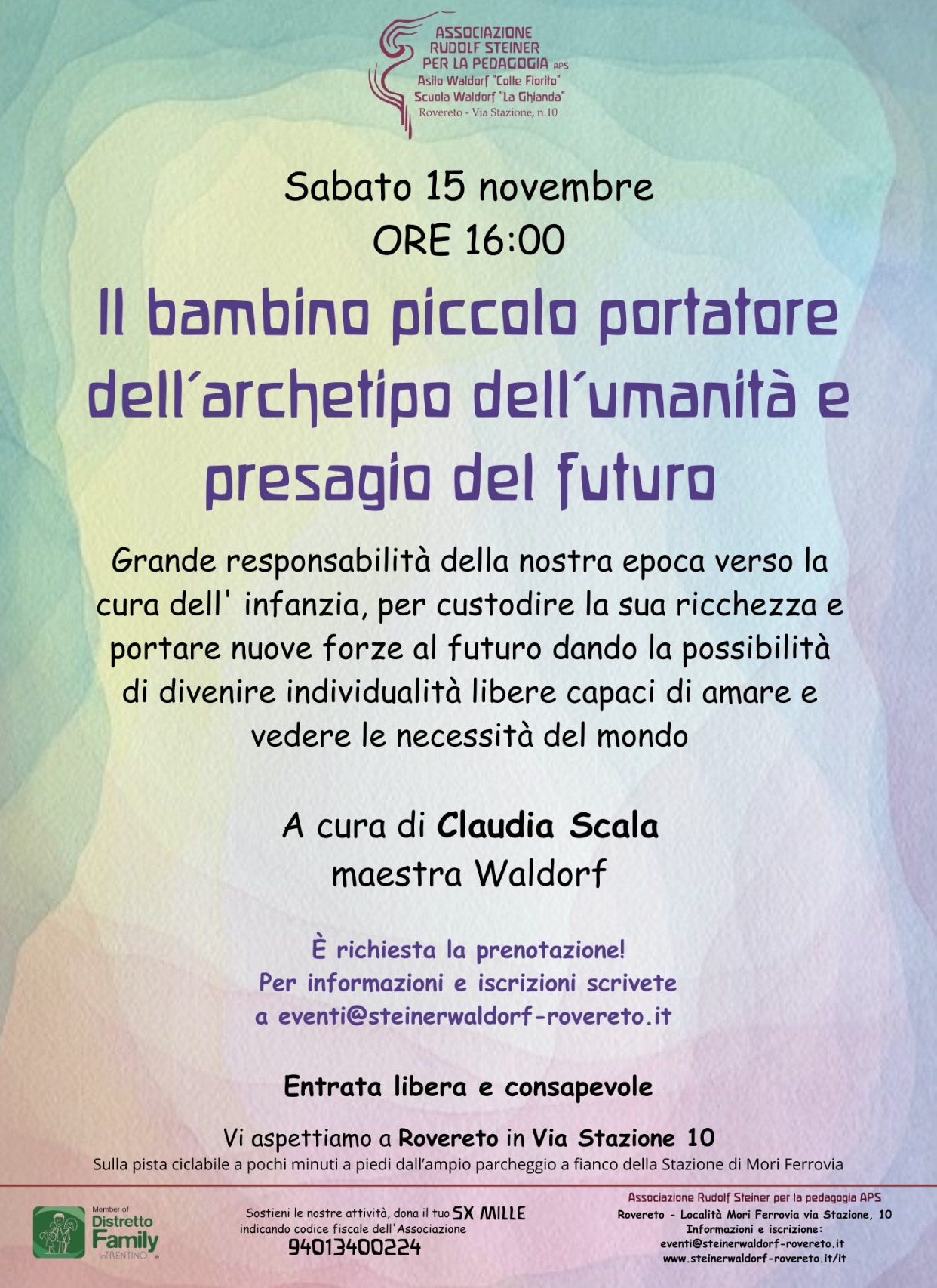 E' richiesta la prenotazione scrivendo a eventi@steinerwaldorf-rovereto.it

...

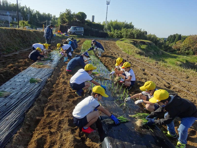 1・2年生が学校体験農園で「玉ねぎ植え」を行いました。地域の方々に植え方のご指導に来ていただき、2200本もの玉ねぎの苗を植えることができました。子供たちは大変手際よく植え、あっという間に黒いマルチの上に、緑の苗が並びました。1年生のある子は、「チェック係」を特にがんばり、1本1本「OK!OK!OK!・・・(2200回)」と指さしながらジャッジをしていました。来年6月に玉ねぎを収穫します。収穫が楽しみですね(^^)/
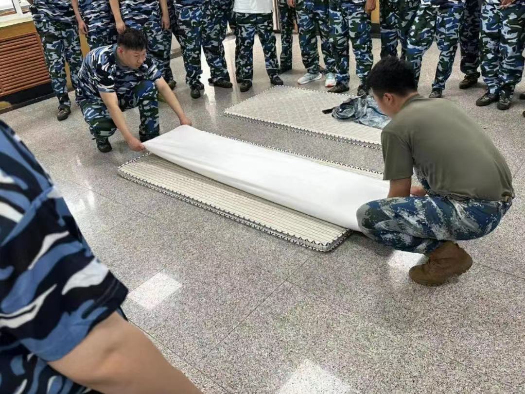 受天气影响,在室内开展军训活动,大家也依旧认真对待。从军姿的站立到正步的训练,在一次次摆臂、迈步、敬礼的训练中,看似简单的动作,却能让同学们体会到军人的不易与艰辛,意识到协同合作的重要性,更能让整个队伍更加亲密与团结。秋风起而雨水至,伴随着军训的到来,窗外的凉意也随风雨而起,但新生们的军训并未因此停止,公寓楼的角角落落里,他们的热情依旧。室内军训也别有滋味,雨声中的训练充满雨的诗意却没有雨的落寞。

==

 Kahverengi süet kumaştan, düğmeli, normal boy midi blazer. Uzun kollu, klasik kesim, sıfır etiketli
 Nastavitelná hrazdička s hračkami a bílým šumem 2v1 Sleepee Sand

**Task directions**
Given the entries above, transcribe exactly the lines from the one holding "1・2年生が学校体験農園で「" through the one holding "受天气影响,在室内开展军训活"; pictures do not belong in the transcription.

**Expected answer**
 1・2年生が学校体験農園で「玉ねぎ植え」を行いました。地域の方々に植え方のご指導に来ていただき、2200本もの玉ねぎの苗を植えることができました。子供たちは大変手際よく植え、あっという間に黒いマルチの上に、緑の苗が並びました。1年生のある子は、「チェック係」を特にがんばり、1本1本「OK!OK!OK!・・・(2200回)」と指さしながらジャッジをしていました。来年6月に玉ねぎを収穫します。収穫が楽しみですね(^^)/
 受天气影响,在室内开展军训活动,大家也依旧认真对待。从军姿的站立到正步的训练,在一次次摆臂、迈步、敬礼的训练中,看似简单的动作,却能让同学们体会到军人的不易与艰辛,意识到协同合作的重要性,更能让整个队伍更加亲密与团结。秋风起而雨水至,伴随着军训的到来,窗外的凉意也随风雨而起,但新生们的军训并未因此停止,公寓楼的角角落落里,他们的热情依旧。室内军训也别有滋味,雨声中的训练充满雨的诗意却没有雨的落寞。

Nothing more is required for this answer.